--- STORED DATA Enclosed Below ---

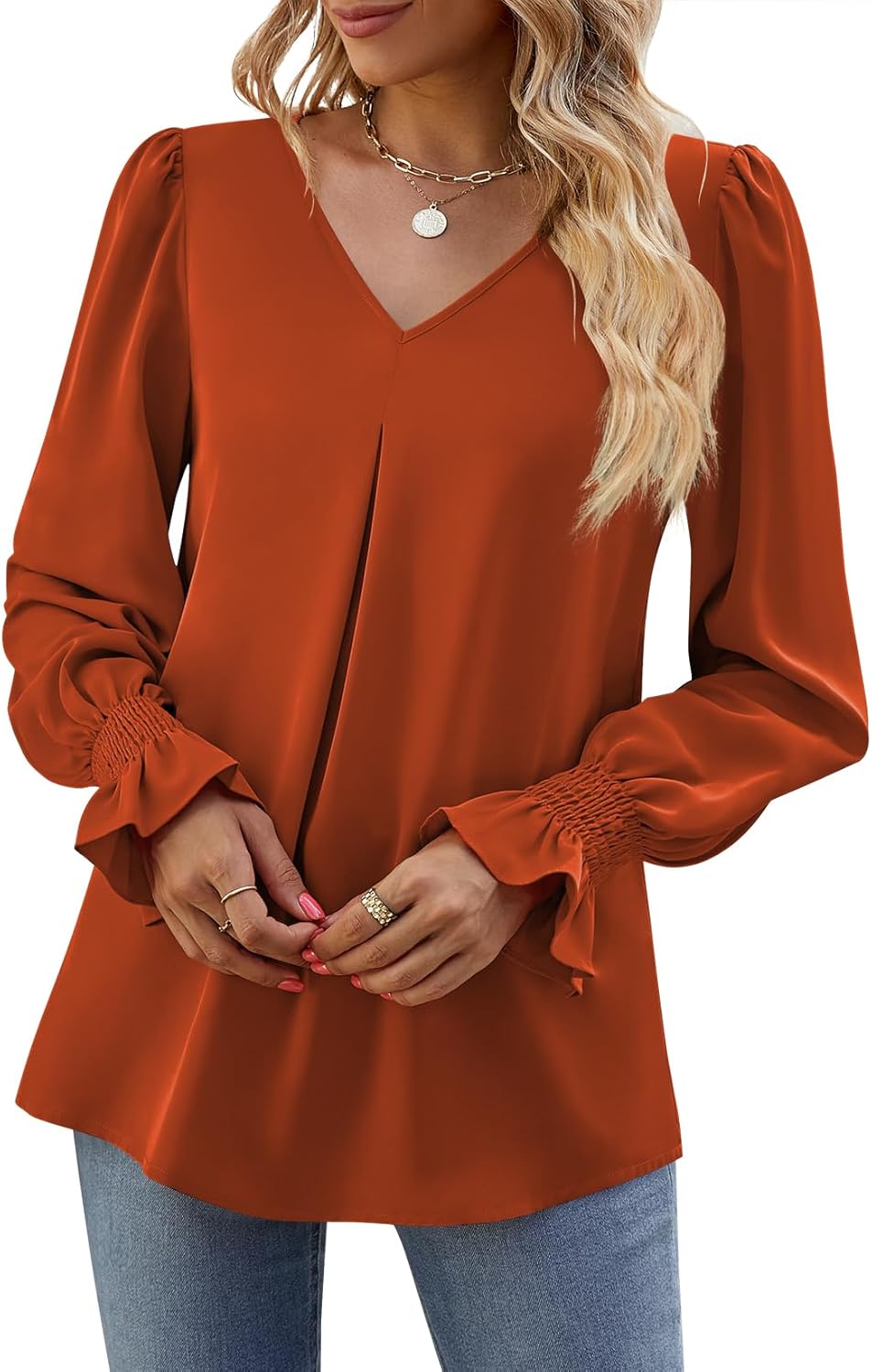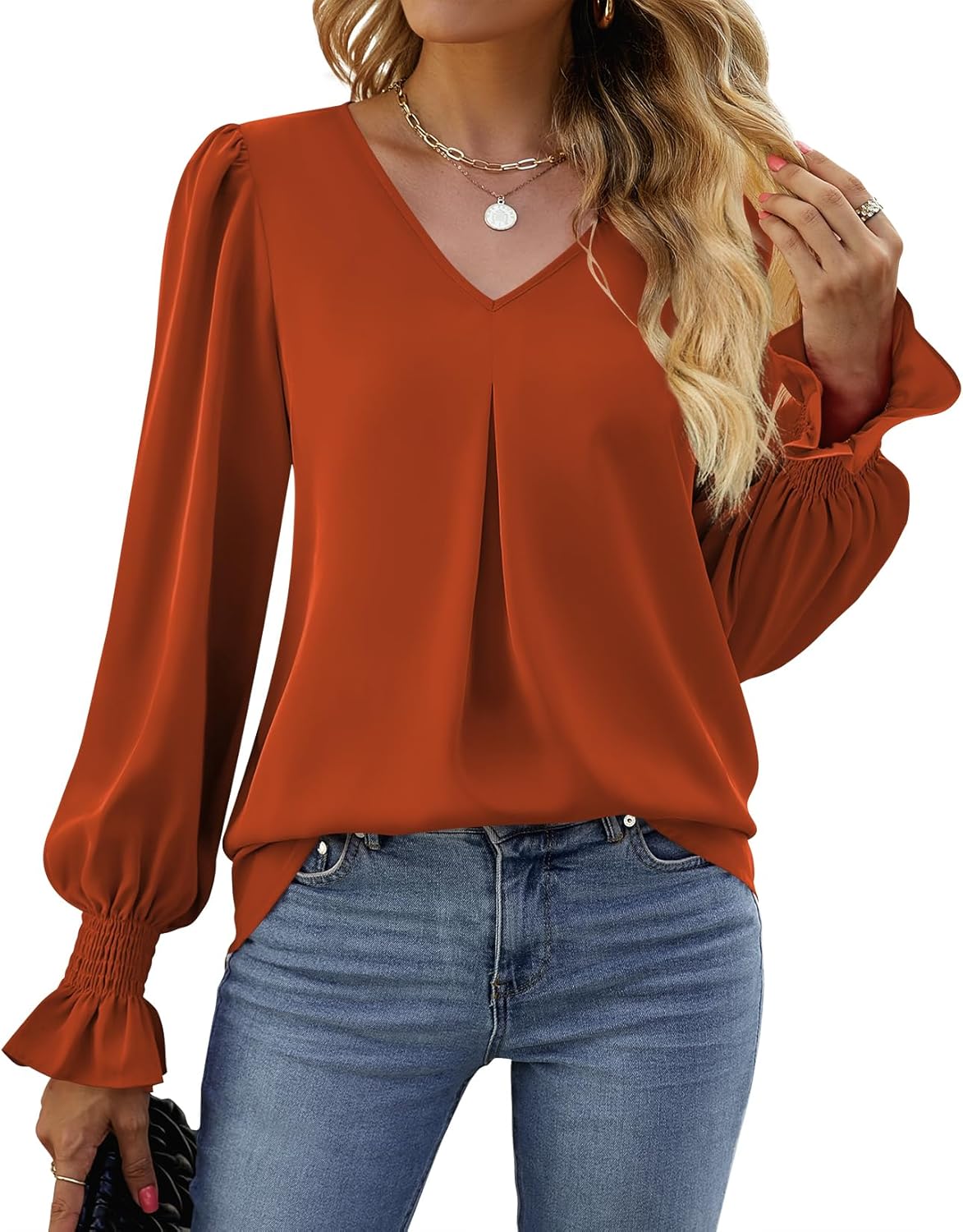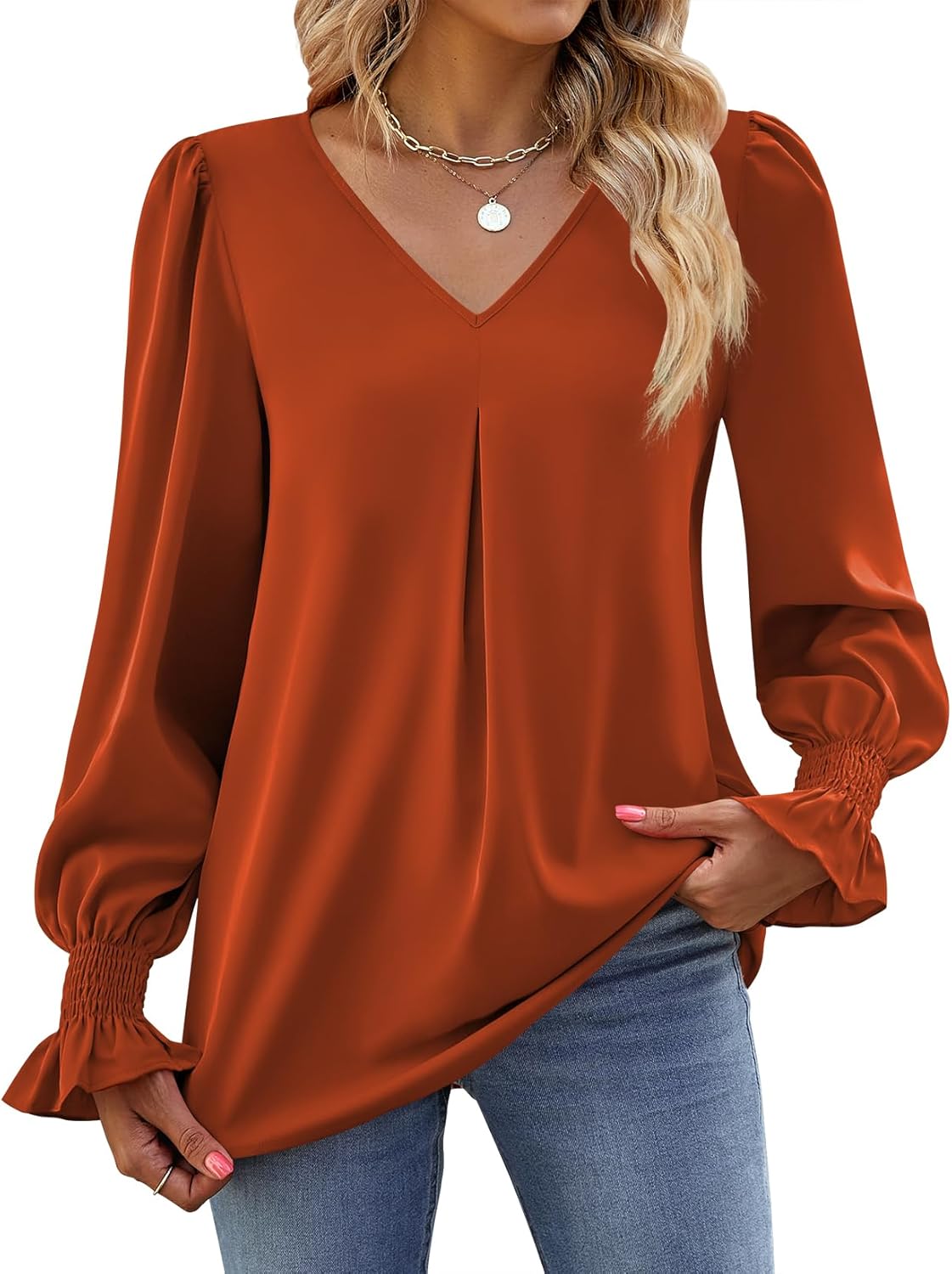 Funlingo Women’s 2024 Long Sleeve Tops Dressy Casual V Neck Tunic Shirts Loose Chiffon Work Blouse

--- End of Enclosed STORED DATA ---
--- STORED DATA Enclosed Below ---

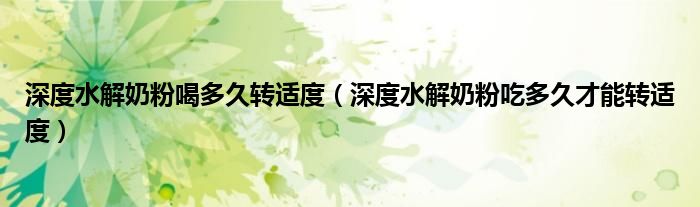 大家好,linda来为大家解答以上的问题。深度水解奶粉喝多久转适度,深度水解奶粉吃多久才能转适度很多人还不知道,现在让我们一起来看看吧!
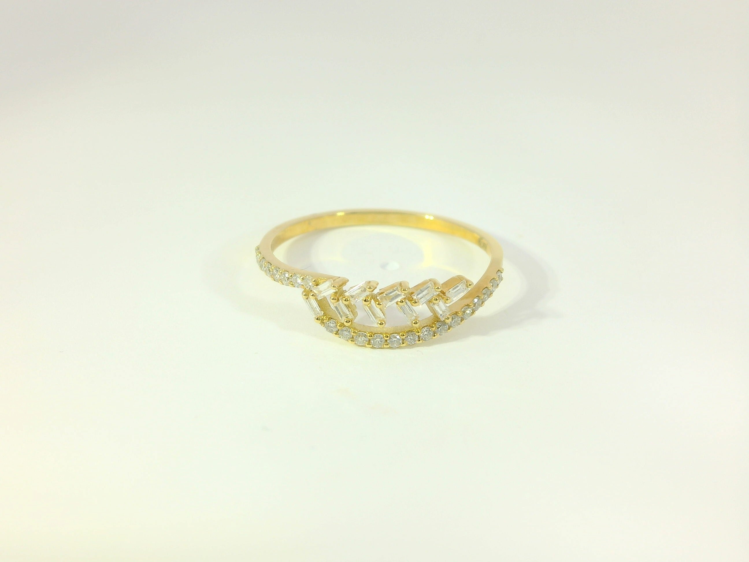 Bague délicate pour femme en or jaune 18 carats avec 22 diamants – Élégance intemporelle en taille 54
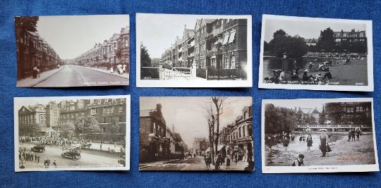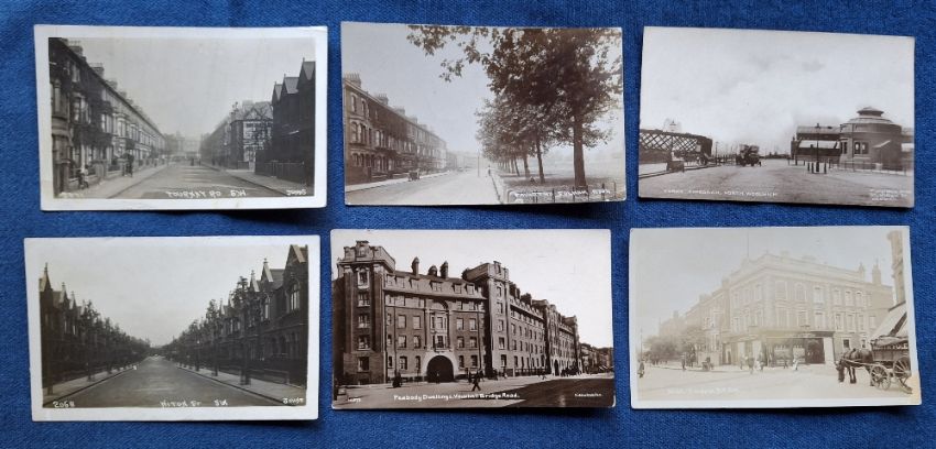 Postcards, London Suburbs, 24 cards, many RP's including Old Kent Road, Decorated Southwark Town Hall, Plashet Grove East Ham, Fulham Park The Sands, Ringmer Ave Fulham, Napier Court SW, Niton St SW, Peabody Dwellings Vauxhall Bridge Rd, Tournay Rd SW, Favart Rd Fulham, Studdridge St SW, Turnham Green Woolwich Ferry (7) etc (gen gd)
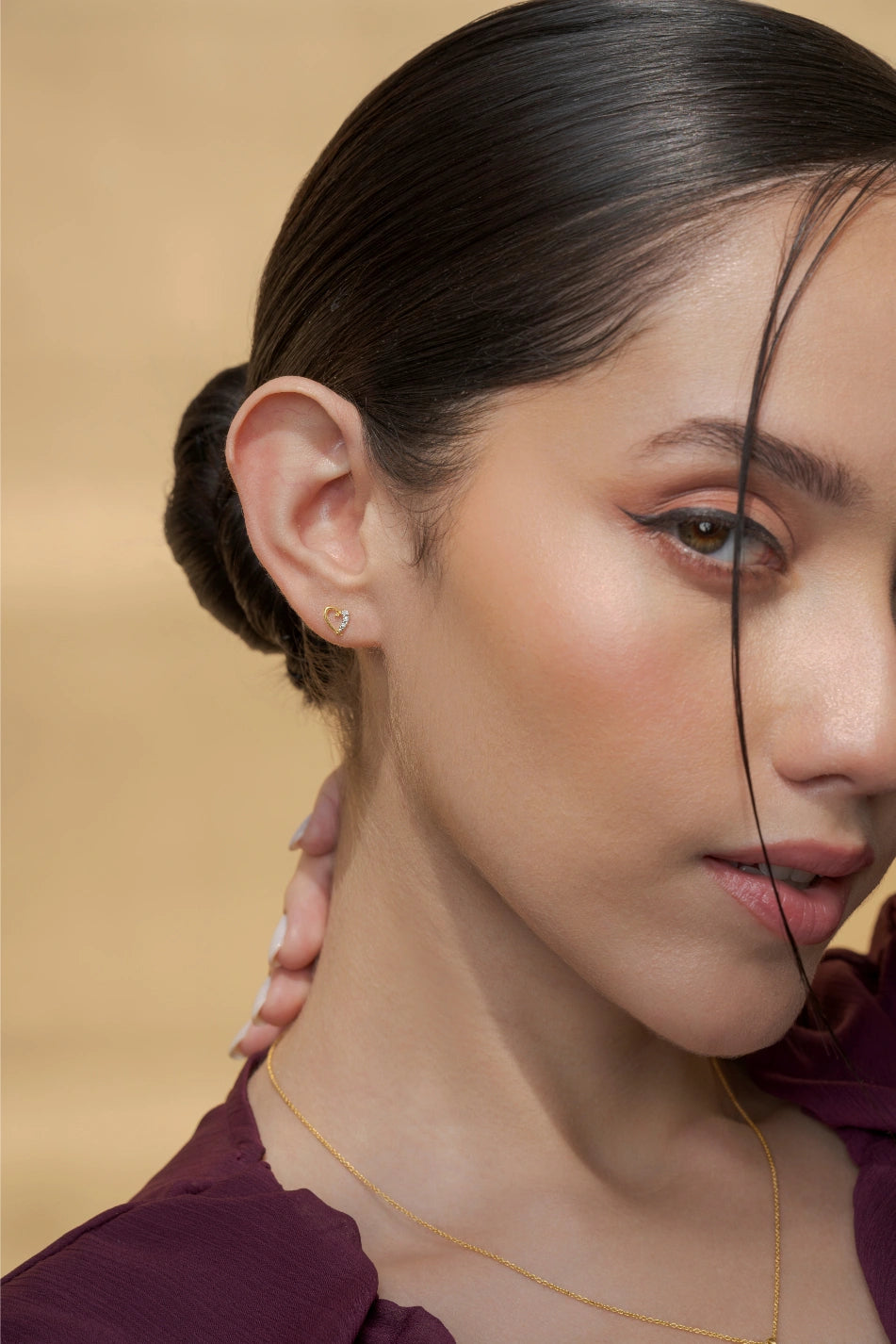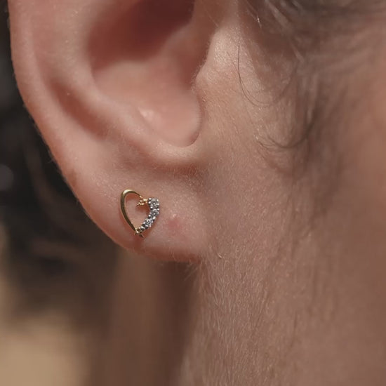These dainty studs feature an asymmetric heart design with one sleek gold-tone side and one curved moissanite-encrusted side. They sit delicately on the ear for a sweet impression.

--- End of Enclosed STORED DATA ---
--- STORED DATA Enclosed Below ---

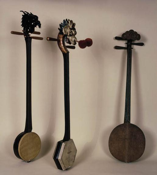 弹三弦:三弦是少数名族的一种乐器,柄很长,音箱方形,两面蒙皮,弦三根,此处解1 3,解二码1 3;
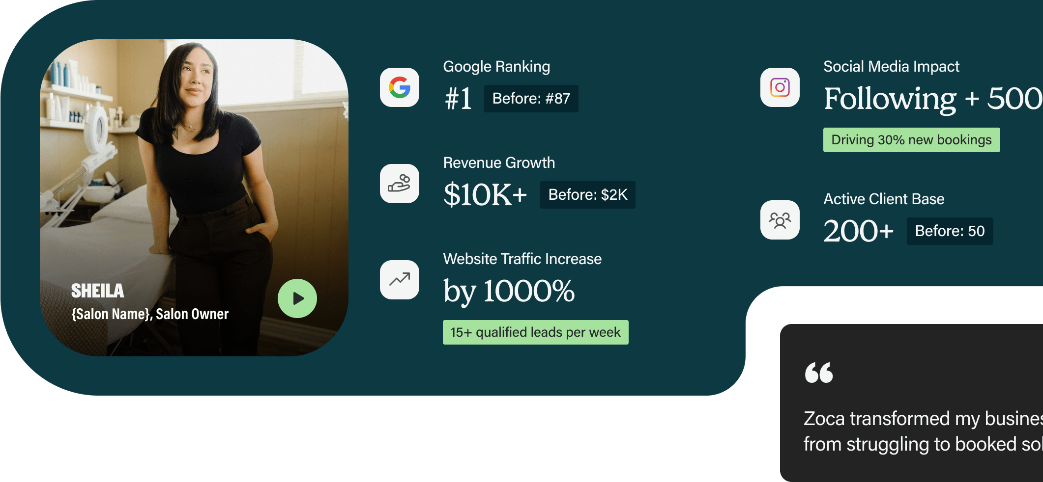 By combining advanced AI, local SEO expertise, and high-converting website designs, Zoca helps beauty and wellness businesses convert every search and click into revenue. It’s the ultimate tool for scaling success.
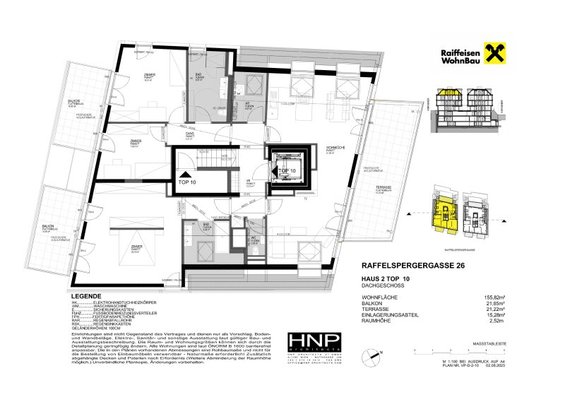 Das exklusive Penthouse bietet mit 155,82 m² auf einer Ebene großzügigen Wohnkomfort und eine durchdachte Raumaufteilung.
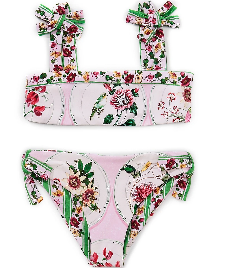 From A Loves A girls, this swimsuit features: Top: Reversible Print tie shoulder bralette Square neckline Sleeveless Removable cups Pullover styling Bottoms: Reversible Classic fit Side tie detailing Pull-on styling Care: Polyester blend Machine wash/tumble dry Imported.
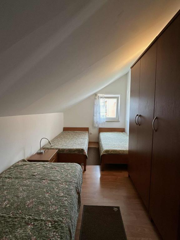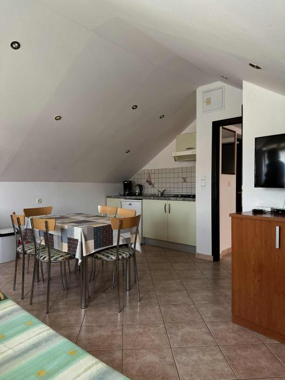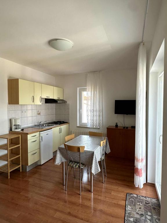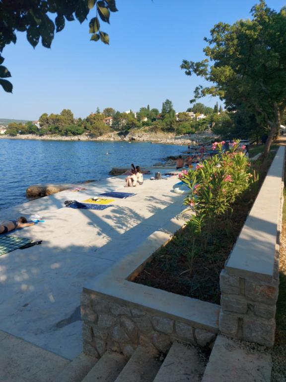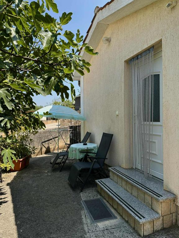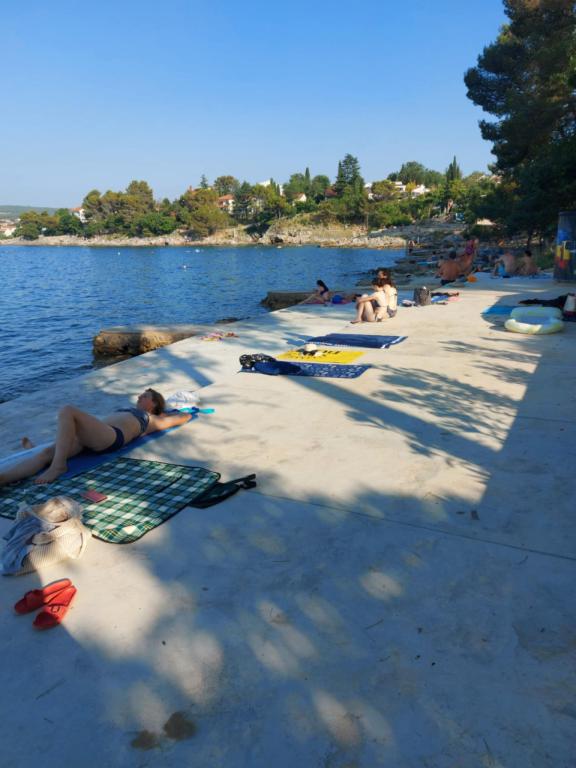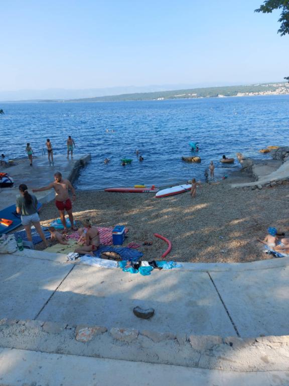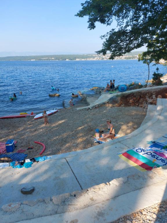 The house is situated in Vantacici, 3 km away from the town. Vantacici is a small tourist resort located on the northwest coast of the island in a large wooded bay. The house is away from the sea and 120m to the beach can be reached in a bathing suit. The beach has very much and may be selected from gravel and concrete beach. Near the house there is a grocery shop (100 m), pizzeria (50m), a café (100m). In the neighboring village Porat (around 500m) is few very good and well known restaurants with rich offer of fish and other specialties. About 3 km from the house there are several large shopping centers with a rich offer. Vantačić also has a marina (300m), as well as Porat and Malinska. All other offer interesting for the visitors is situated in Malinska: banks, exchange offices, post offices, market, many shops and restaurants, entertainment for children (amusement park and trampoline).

--- End of Enclosed STORED DATA ---

PROBLEM TO SOLVE:
Nothing but the lines above from the one that has "弹三弦:三弦是少数名族的一种乐器,柄很长,音箱方形,两面蒙皮,弦三根,此处解1 3,解二码1 3;" down to the one that has "By combining advanced" belongs in the answer, copied exactly, without pictures.

YOUR SOLUTION:
 弹三弦:三弦是少数名族的一种乐器,柄很长,音箱方形,两面蒙皮,弦三根,此处解1 3,解二码1 3;
 By combining advanced AI, local SEO expertise, and high-converting website designs, Zoca helps beauty and wellness businesses convert every search and click into revenue. It’s the ultimate tool for scaling success.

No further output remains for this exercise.